Issue (i): Whether allotment of shares at face value to persons interested in the company, where the market value was much higher, constituted a transfer of property and a deemed gift under the Gift Tax Act.
Analysis: The statutory scheme treats as gift not only voluntary transfers without consideration but also transfers for inadequate consideration, and defines transfer of property broadly to include transactions intended to diminish the value of one person's property and increase the value of another's. The transaction in question was not a rights issue or bonus issue but an allotment of fresh shares to new shareholders at face value, while the shares had a much higher market value. The consideration was adjusted against amounts standing to the credit of the purchasers, and the company consciously conferred a valuable asset at a lesser value.
Conclusion: The allotment amounted to a transfer for inadequate consideration and attracted the deeming provision of gift under the Gift Tax Act. The issue was answered in favour of the Revenue.
Issue (ii): Whether the ratio in Khoday Distilleries applied so as to exclude the transaction from the ambit of the deeming provisions.

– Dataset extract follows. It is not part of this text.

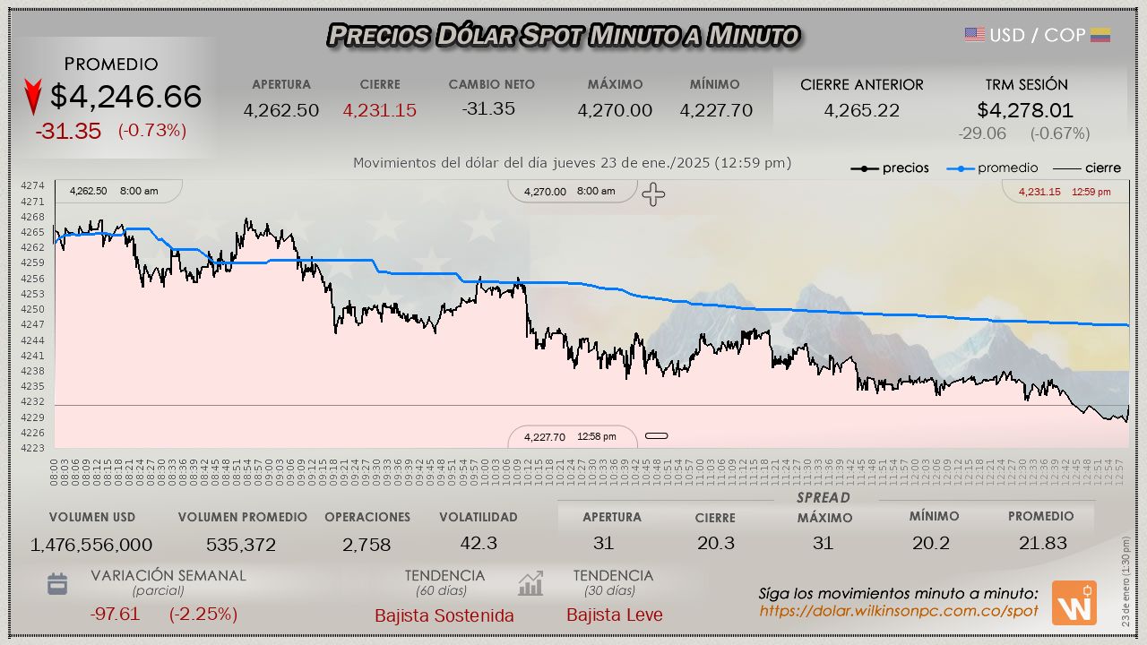 Resumen de las operaciones del mercado del dólar SPOT en Colombia correspondiente al jueves 23 de enero de 2025.

Analysis: The earlier decision concerned a rights allotment and proceeded on the footing that allotment in that context was creation of shares out of unappropriated capital, not transfer from an existing shareholder. The present case was materially different because the shares were allotted to new shareholders at face value and not as rights or bonus shares under the Companies Act. The reasoning in Khoday Distilleries therefore did not govern the present factual setting.
Conclusion: Khoday Distilleries was held to be inapplicable, and the concurrent findings below were reversed. This issue was answered in favour of the Revenue.
Final Conclusion: The transaction was held taxable as a deemed gift, the assessee's challenge failed, and the appeal was allowed.
Ratio Decidendi: Allotment of shares to new shareholders at face value, where the shares have a substantially higher market value and the transaction is not a rights or bonus issue, can amount to a transfer for inadequate consideration and a deemed gift under the Gift Tax Act.